Each line of the example shows the stack at the beginning of the iteration, the set of visited nodes so far after the iteration, and the stack at the end of the iteration.

1: s={A,B,F}, v={A}, s={B,F} 2: s={B,F}, v={A,B}, s={D,F} 3: s={C,D,F}, v={A,B,C}, s={D,F} 4: s={D,F}, v={A,B,C,D}, s={E,F} 5: s={E,F}, v={A,B,C,D,E}, s={F} 6: s={F}, v={A,B,C,D,E,F}, s={G} 7: s={G}, v={A,B,C,D,E,F,G}, s={I} 8: s={H,I}, v={A,B,C,D,E,F,G,H}, s={I} 9: s={I}, v={A,B,C,D,E,F,G,H,I}, s={}

Hi Jeffrey,well done! I was trying to find similar algorithms and I luckily got on your website. I am studying for an exam and I really needed some help, so thank you!

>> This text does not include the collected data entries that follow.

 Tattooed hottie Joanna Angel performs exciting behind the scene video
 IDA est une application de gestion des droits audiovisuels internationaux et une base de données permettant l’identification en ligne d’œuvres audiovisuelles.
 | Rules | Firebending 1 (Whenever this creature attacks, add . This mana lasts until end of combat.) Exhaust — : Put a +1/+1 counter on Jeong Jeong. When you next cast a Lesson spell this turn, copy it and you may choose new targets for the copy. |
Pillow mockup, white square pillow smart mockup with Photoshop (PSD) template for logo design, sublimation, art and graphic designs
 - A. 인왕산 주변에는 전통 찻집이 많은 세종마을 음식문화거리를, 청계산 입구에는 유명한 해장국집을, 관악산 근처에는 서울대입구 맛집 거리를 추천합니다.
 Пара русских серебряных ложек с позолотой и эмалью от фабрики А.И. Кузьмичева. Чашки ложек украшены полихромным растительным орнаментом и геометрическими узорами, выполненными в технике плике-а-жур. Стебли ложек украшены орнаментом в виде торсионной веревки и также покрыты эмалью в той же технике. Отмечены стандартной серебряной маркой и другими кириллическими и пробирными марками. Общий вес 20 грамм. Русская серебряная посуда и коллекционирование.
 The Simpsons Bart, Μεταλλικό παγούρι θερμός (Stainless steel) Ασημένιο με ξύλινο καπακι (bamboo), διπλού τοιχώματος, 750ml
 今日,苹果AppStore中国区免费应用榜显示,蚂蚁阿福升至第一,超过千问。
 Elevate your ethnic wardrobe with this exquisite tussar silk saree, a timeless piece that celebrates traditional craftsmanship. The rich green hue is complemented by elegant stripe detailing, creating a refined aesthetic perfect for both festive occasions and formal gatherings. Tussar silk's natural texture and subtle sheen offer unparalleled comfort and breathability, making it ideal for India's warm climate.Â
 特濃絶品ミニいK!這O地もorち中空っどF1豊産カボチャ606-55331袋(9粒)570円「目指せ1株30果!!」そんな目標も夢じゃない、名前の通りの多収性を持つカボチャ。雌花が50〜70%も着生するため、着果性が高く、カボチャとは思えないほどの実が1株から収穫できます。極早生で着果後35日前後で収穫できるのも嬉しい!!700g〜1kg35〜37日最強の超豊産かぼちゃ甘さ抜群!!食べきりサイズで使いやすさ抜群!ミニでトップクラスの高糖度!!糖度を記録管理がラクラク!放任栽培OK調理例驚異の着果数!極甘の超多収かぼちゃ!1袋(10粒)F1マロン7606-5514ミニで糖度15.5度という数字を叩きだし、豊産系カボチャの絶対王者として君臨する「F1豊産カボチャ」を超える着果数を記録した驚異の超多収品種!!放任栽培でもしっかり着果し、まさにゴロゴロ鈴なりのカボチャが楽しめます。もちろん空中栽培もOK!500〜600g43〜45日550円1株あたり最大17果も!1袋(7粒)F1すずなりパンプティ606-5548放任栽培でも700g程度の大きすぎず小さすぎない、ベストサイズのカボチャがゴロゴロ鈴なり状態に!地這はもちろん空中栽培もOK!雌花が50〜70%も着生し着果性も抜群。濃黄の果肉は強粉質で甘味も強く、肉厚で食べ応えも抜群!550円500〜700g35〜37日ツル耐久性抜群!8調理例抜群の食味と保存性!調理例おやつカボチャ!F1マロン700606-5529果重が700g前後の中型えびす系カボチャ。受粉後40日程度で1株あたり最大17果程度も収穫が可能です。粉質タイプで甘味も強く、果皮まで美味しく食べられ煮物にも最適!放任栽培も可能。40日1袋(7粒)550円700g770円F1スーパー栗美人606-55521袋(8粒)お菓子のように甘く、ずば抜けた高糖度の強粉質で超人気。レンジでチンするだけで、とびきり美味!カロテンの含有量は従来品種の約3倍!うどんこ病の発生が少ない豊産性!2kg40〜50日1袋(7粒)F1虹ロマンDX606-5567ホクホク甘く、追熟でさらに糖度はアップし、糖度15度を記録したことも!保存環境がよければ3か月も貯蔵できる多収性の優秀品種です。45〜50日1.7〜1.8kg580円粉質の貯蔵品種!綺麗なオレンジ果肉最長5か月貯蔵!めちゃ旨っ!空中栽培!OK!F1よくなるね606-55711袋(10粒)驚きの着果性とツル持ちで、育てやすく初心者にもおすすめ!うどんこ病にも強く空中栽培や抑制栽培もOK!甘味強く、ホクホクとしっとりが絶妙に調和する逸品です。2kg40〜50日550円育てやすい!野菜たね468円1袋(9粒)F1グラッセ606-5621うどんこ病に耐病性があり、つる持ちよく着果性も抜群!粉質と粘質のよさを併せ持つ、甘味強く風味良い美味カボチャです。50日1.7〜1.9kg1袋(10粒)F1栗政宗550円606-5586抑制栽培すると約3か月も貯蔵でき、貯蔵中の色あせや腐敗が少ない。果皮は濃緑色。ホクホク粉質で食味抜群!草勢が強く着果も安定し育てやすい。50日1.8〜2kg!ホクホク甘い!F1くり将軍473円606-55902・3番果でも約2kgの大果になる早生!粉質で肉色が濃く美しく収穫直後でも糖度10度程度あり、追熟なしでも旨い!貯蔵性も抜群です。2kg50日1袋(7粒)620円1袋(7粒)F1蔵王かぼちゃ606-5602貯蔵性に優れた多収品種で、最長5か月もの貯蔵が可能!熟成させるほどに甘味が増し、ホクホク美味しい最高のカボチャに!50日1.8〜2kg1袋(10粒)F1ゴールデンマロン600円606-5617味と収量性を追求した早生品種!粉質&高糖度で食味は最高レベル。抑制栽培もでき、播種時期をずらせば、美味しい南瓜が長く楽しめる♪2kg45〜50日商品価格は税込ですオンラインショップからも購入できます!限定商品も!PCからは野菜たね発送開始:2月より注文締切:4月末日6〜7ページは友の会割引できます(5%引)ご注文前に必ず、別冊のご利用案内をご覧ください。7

Just a quick question (I hope you could answer me), in the last algorithm (in-order), in line 06 (while (n.left != null)), I suppose that we are missing a further control? I mean, if n hasn’t elements on its right, n stays the same and (if the previous Ns didn’t have right elements as well) we end up doing the second while (line 06, again) for another time. I guess this issue is present only when elements do not have children in the right. (for example 3 linked elements without children on the right).

Do you agree? or…maybe it’s just too late here…

Let me know, any help will be really appreciated!

Thank you

Simone

In the preorder algo, the output for input : 10 4 2 7 12 11 14 13

is 10 4 2 7 12 11 14 13

but its givin 10 12 14 13 11 4 7 2

private static void IterativePreOrderTraversal(node root)

{

if(root == null) return;

Stack s = new Stack();

s.Push(root);

while (s.Count!=0)

{

node cur = s.Pop();

Console.Write(” right before current left i guess..

please correct me if i ‘m wrong

thank you very much for the non recursive algorithm of the post order tree traversal. Impressive and very much helpful… 🙂 🙂

The inorder code is wrong! Unfortunately Google doesn’t know that and rank this blog post high.

Yes. Inorder code is wrong. In the if block checking whether right node is null or not, the node needs to be updated.

n = n.right;

I think this should work.

I think the problem goes beyond that. Even if we were to make this right node update, there’s still a problem with the left nodes traversal.

Since we do not keep track of visited nodes explicitly, the left child traversal block will keep traversing the same next child over and over again.

Stone, you are right. The inorder Traversal could be stuck in an infinite loop in some cases, printing the leftmost node and and its parent one after the other forever.